= 1836 in rail transport =

==Events==
===January events===
- January 16 – The Galena and Chicago Union Railroad, the oldest portion of what is to become the Chicago and North Western Railway, is chartered.

===February events===
- February 5 – Henry R. Campbell of the Philadelphia, Germantown & Norristown Railroad patents the first 4-4-0, a steam locomotive type that will soon become the most common on all railroads of the United States.
- February 8 - London and Greenwich Railway opens its first section, the first railway in London, England.

===March events===
- March - The Syracuse and Utica Railroad, a predecessor of the New York Central Railroad, is chartered to build a railroad between its namesake cities in New York.

===April events===
- April – The first railroad car ferry in the U.S., the Susquehanna enters service on the Susquehanna River between Havre de Grace and Perryville, Maryland.

===May events===
- May 5 – The Albany and West Stockbridge Railroad is chartered as the successor to the Castleton and West Stockbridge Railroad in Massachusetts and eastern New York.
- May 19 – The Bristol and Exeter Railway receives parliamentary authorization.

===July events===
- July 13 – John Ruggles is awarded for his improvements to railroad steam locomotive tires.
- July 21 – The Champlain and St.

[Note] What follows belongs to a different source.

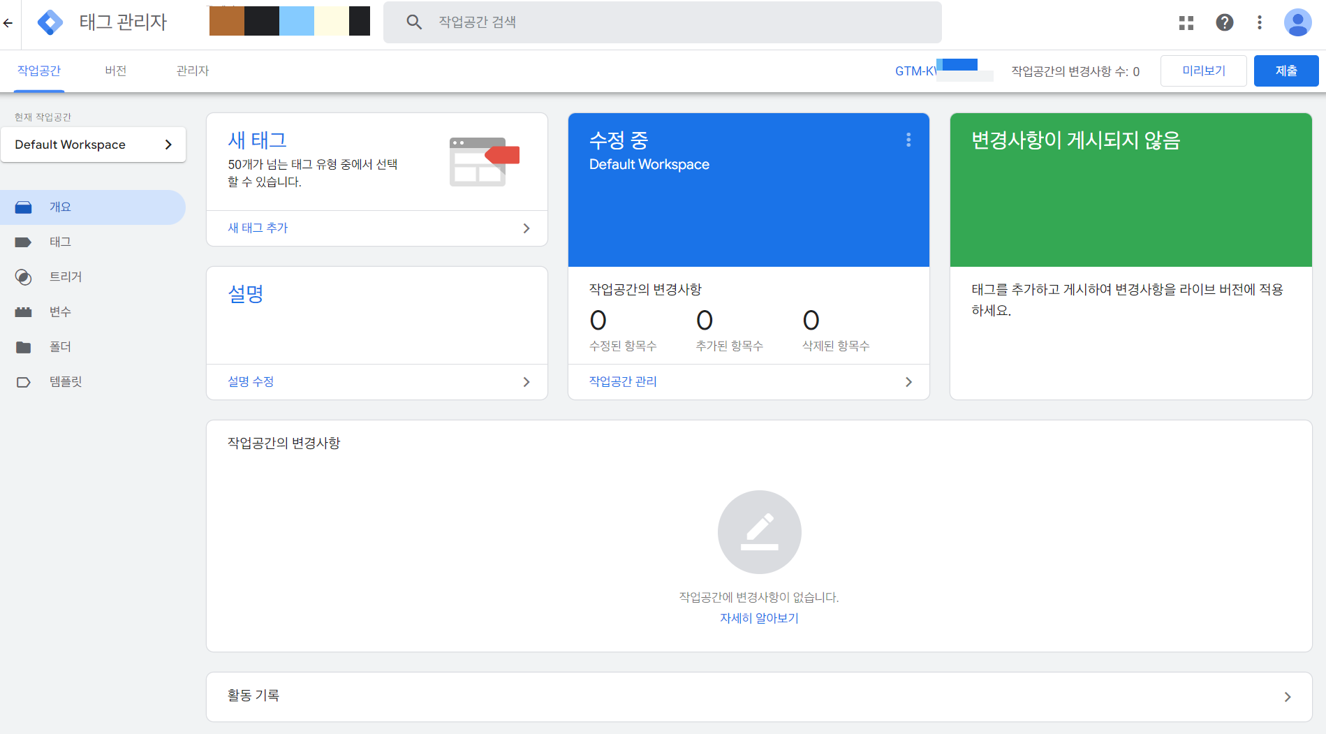 GTM 화면은 작업공간 / 버전 / 관리자로 크게 세 개의 탭 구분이 됩니다. [작업공간](워크스페이스)에서 대부분의 작업이 진행됩니다.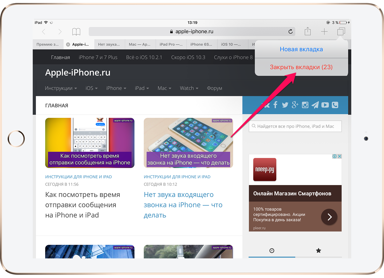Как закрыть все открытые вкладки на айфоне

Lawrence Railroad opens between St. John and La Prairie, Quebec, the first steam-worked passenger railroad in British North America.

===August events===
- August 1 – The Utica and Schenectady Railroad, a predecessor of the New York Central Railroad in New York, opens.
- August 8 – Andover and Wilmington Railroad opens its line to Andover, Massachusetts.

===September events===
- September 5 – The Lake Wimico and St. Joseph Canal and Railroad, the first steam railroad in Florida, opens.

===October events===
- The Louisa Railroad of Louisa County, Virginia, an early predecessor of the Chesapeake and Ohio Railway, begins construction.
- October 25 – Construction begins on the Wilmington and Raleigh Railroad in North Carolina. Due to a lack of support in Raleigh, the route is revised to run from Wilmington to the Petersburg Railroad in Weldon.

===December events===
- December 3 – Wetheral train accident: A passenger train on the Newcastle and Carlisle Railway in England is wrongly diverted into a siding at Wetheral railway station, derails and crushes three people to death.
- December 14 – The London and Greenwich Railway opens throughout from London Bridge to Deptford.

===Unknown date events===
- The Bangor and Piscataquis Canal and Railroad Company operates the first steam railroad in Maine with two 2-2-0 locomotives manufactured in England.

==Births==
=== January births ===
- January 2 - Fred T. Perris, Chief Engineer of the California Southern Railroad (d. 1916).

=== February births ===
- February 9 – Franklin B. Gowen, president of the Philadelphia and Reading Railroad 1866–1883 (d. 1889).

=== March births ===
- March 16 – Andrew Smith Hallidie, who developed the first practical cable car system for San Francisco, California (d. 1900).

=== May births ===
- May 21 – Francis William Webb, Chief Mechanical Engineer of the London and North Western Railway (d. 1906).
- May 27 - Jay Gould, American financier who, with Jim Fisk, took control of the Erie Railroad (d. 1892).

=== September births ===
- September 17 - William Jackson Palmer, builder of the Denver and Rio Grande Western Railroad (d. 1909).

==Deaths==
===January deaths===
- January 7 – John Molson, established the Champlain and Saint Lawrence Railroad, the first railway into Canada (b. 1763).